Amir:  Yeah! And also in Agoda since we have so many different types of data users, like the data scientists that can write their own code and wizards and they do everything on their own.  And it could be like BI analysts that only know how to do SQL and then during these migrations or when you do these changes, you need it to be seamless for them.

So that makes every change even much harder because nobody should even know that something changed behind the scene. Usually, it is impossible.

Eldad:  The users are basically preventing you from making progress and moving forward.

Amir: Exactly. We always ask to just the eliminate the user.

Boaz:  Which teams will be your early adopters for new tech?  Do you have a sort of some internal teams that typically champion for going next-gen, even at the expense of painful migration?

Amir:  Machine learning, Always!

Boaz:  Machine learning, always.

Amir:  Like they get the GPU, the SSA to it and they already started like downloading stuff from the internet, run the latest GPU stuff or TensorFlow.

Boaz:  If you look at your tech stack evolution, and today you are On-Premise, does that involve moving, becoming hybrid? Does that involve moving to something like S3? Because I guess storage for you is a big thing and a big part of the challenge of migrating somewhere, or how do you think about it moving forward?

Shaun:  It is an interesting question. I think that the thing is we have always explored the cloud, right?  We do constantly explore the cloud. We do have some stuff running on the cloud; but for data specifically, we have always done our research and POC, and we have never found the right motivations or the right reasons or the right…, how would I call it? Like the right thing…

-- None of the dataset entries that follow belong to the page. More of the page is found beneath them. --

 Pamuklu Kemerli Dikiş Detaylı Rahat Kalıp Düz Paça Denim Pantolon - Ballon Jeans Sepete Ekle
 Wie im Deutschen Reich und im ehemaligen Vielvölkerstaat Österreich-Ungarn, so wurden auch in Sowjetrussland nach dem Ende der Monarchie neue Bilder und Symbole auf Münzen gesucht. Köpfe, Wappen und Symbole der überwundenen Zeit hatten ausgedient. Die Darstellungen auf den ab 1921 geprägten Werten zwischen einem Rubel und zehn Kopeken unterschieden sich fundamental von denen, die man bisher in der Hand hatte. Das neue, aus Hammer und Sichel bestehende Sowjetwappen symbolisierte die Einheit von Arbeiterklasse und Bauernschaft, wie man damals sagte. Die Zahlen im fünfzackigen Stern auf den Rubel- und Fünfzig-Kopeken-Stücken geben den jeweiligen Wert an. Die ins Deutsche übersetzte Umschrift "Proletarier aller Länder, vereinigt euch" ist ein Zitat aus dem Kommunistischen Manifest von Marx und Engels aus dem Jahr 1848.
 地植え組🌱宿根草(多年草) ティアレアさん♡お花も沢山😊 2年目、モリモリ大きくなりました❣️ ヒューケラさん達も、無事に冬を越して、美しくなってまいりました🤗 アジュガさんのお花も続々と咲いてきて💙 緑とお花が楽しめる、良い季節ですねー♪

Eldad:  It is the one big thing that helps everyone make that from transition.

Shaun: Yeah, Yeah! Exactly, we would never find that big push, right? that pushes us in that direction.  So far, we are pretty happy with On-Premise.  I think also the hardware game has changed quite a bit.  CPU is now the bottleneck, right?  Storage is becoming way, way cheaper, and way faster.  Similarly, with networks, right? And so being On-Premise, it does give us some advantage, right? to kind of leverage this system as they come along and to explore them, so I think I would not say one is better than the other. Always, I think in anything, it is just do what makes sense for you. It is just that in Agoda, we have the right people, the right expertise, and the right history as well.  We came from On-Prem. So, we have a lot of knowledge in that area and so far, it makes sense for us.  That is to say in the future if the cloud makes more sense, we would be 100% on-board.  At this point of time, we are still On-Premise, but we are constantly exploring though.

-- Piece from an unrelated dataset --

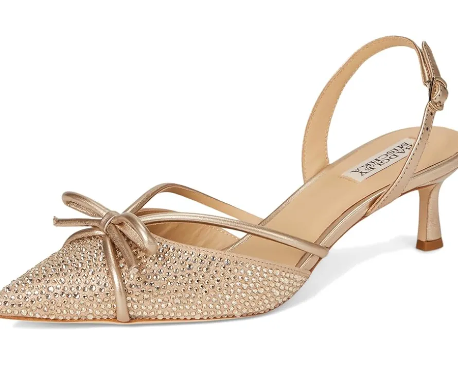 - Made of a silk upper with rhinestone and knot detailing, the Badgley Mischka® Angelina heels are perfect to style up your looks and outfits. The leather insole and breathable leather lining offer long-lasting durability and comfort. These heeled sandals feature an adjustable ankle strap for a secure fit. Get ready for a party or event wearing these leather pumps.

Eldad:  Makes perfect sense.

Boaz:  Amir, What about you? Which use cases are the ones that are of the highest-profile?

Amir:  Yeah. So I think for us, one thing that we got maybe a bit late in the train is like, we were mainly a Scala shop, so we are doing a lot of Spark job and huge parallel.  We have jobs using like 13,000 cores for five hours; amazing huge jobs.  But people had to be like Scala's expert in order to tune them, in order to get used to them, in order to drive them. So I think, we were kind of late, to see that Python is now really the go-to language for machine learning.  And, so we kind of regret not building tools for that sooner; but now, we are already on par.  I think very soon Python will win over Scala in at least in the use cases of data application.  A lot of, let's say, the less advanced user are already write their scripts and their notebooks on Python and it made like the time to market data projects a lot faster and lot sooner.  So that's cool and this is one thing that I think we tuned on maybe sooner. 

Boaz:  From a user perspective - I am a user or an Agoda customer or an Agoda visitor what kind of things happen in the background that sort of start with the melting the time, unaware of even? Can you share some cool things there?

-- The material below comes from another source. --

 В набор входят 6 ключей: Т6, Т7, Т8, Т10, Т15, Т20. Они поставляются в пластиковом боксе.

Amir:  Yeah, so we do a lot.  If you and I both opened the Agoda website, we will get completely different experiences based on the past. Like, if I like breakfast and I like breakfast, I will see more photos of eggs and other breakfast stuff.

Eldad:  Last time we got bacon all the time on your website.

Amir: Exactly, exactly.

Amir:  So, we do try to fit the content to what we think you would like and what you care about.  If you are more sensitive to price, then you will get the best offers. We anyway have the best offers, right? But then if we know that that is what you care about in your current trip, then the whole experience will be optimized for that.  We do, for example, try to cut snippets from reviews that make sense for you.  So if you care about cleanliness, then we will take the review that talked about it, Hey! this hotel is very clean and then, we show that one too.  So, a lot of personalization effort goes there, but even before you came to Agoda, right? All of the marketing that goes behind the scene, the email, the popup notification, everything is kind of optimized to make sure that you get what you want and the information you need on the Agoda Website.

Boaz:  What typically does the initiative for a new ML-based project come from? From your team? Is it sometimes product-driven? How does the thinking around new projects for ML look like?

Amir:  Yeah! So, that's something that I think we do very coolly.  The scrums that we have at our machine learning; they are always a mix of ML engineers, data scientists, and the PO together. And then it's like a 300 beast that kind of try to set the direction. Sometimes it comes from the data scientists, they say, Hey! this is something that we can easily optimize. Sometimes it is the PO or PM that can say, Hey! the business should go that way. And sometimes it is the engineering manager that can say, Hey! other teams did this or we see any other products doing that. So kind of a mix of ideas coming from three different directions, and then get swirled together and the best one wins.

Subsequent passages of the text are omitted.